I prefer to use 2278 at 12C. At 10C you are at the bottom end of its working range. That said I normally see activity within 48 hours. I would increase the temp to 12C.


----------



## Weizguy (7/5/14)

Big starter? Was it active, or allowed to relax for more than a couple of days? What size starter and what size batch of beer?

As you would well know, bubbles do not a fermentation make, especially if relying on an airlock.

Can you peer into the fermentor to see if there are signs?

Did you crash chill after pitching, or pitch below the temp that the yeast was sitting at?

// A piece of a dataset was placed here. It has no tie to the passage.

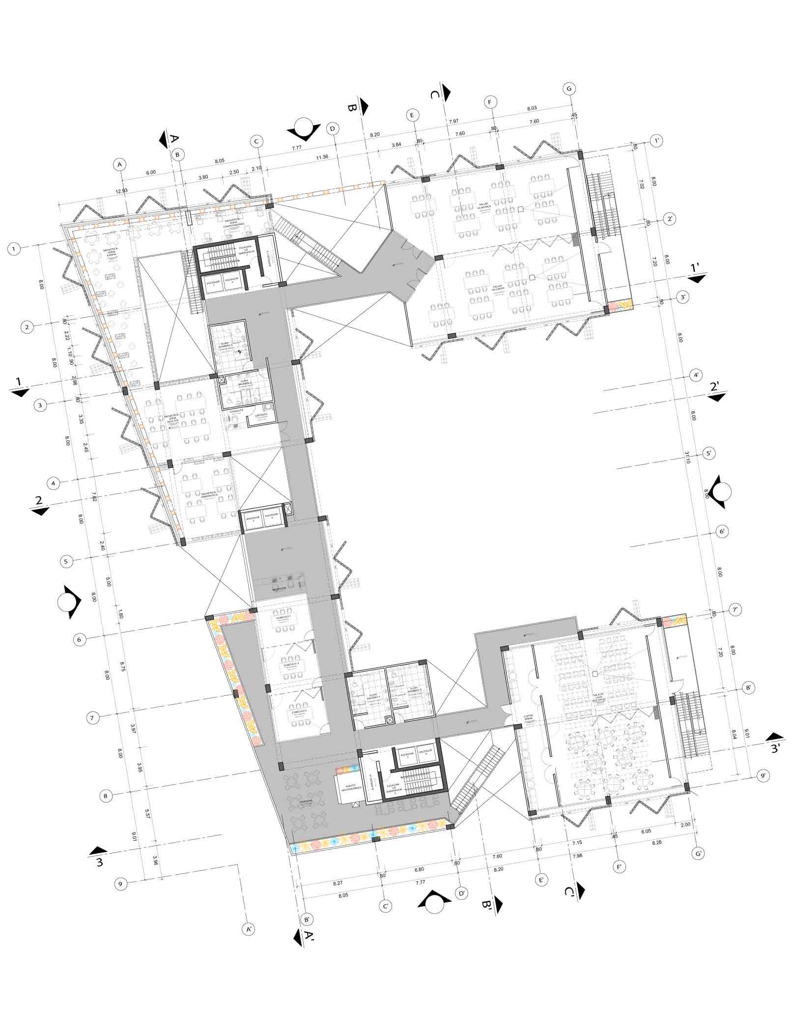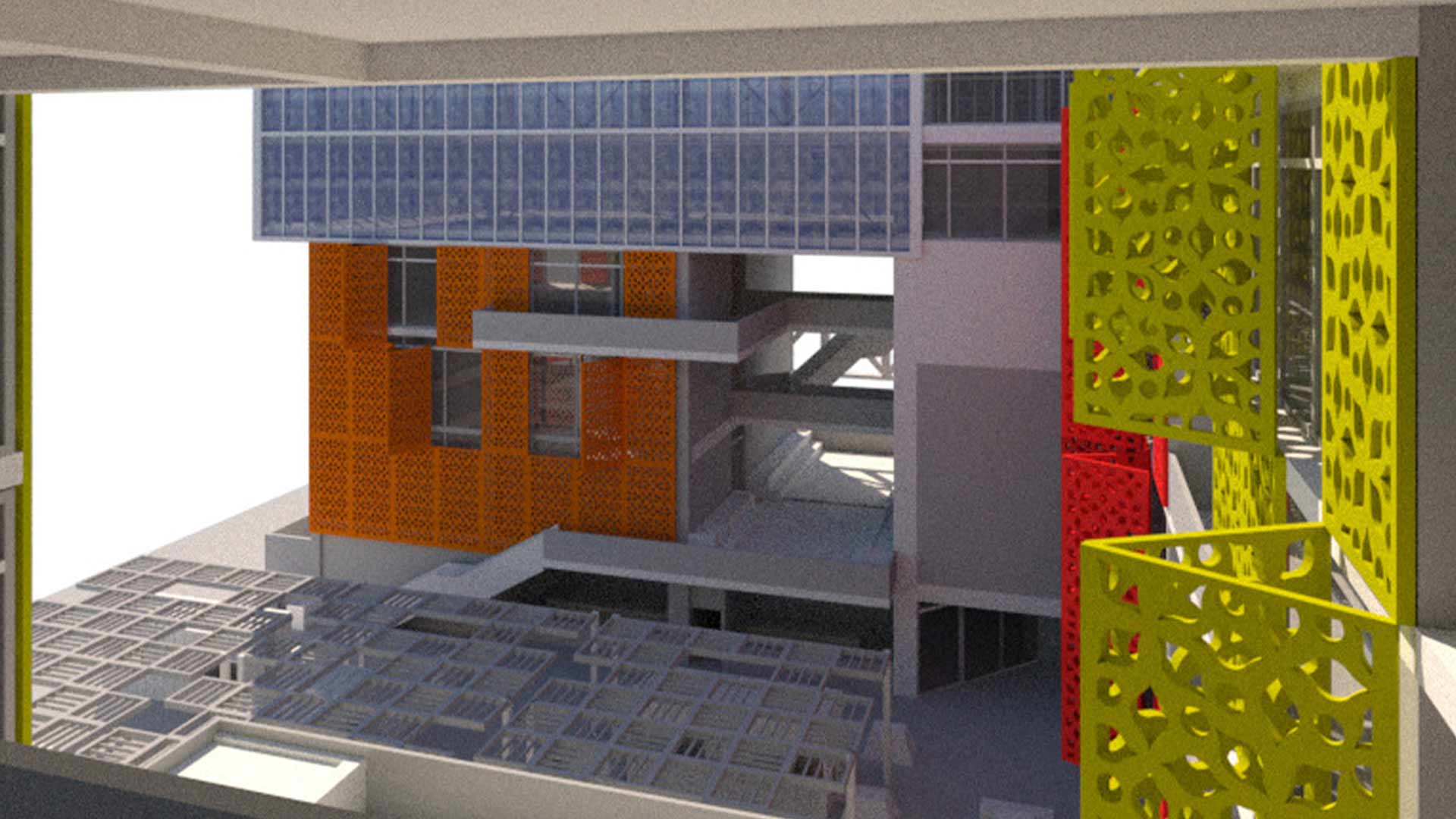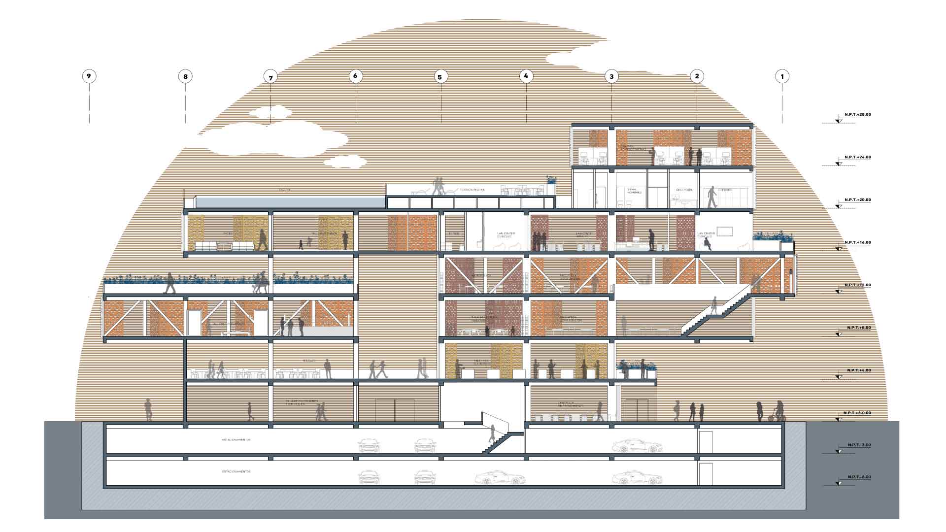 El proyecto adopta un sistema estructural mixto en el que las vigas y puentes asumen un papel protagónico, de modo que aporta carácter y riqueza arquitectónica al espacio. Estas decisiones no solo responden a criterios técnicos, sino que también contribuyen a una narrativa espacial única, donde la estructura se convierte en un componente expresivo del diseño.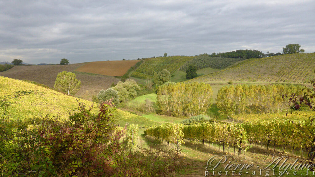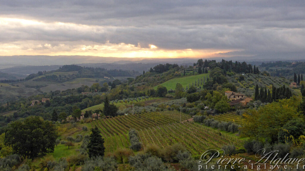 Pour rejoindre Abbadia d’Isola j’ai laissé le choix du trajet à l’application que m’avait conseillée Yann. En allant au plus court il va me faire passer par Colle di Val d’Elsa. En fait je comprendrai plus tard que c’est une variante du tracé officiel de la Via Francigena. Elle alterne goudron, larges chemins de graviers et petits sentiers. Le paysage est magnifique et, compensant ma frustration d’hier, je me régale à prendre des photos. Mes bâtons dans une main, je ne force pas, je prends mon temps. Çà et là des glissements de terrain témoignent de la vigueur des précipitations de la veille.

My rule of thumb is: Patience is king with your lager brewing. (Hey that rhymes, if you use the right inflection).
I plan to brew with the W2278 again soon. It's a great yeast and the flavours, the FLAVOURS...


----------



## Dave70 (7/5/14)

Les the Weizguy said:


> Big starter? Was it active, or allowed to relax for more than a couple of days? What size starter and what size batch of beer?
> 
> *2 L starter - 25L of wort.*
> 
> ...


----------



## Dave70 (7/5/14)

Black n Tan said:


> I prefer to use 2278 at 12C. At 10C you are at the bottom end of its working range. That said I normally see activity within 48 hours. I would increase the temp to 12C.


Shall do.


----------



## Black n Tan (7/5/14)

Hey Dave did you stir your starter? Did you oxygenate or aerate your wort?


----------



## Dave70 (7/5/14)

Black n Tan said:


> Hey Dave did you stir your starter? Did you oxygenate or aerate your wort?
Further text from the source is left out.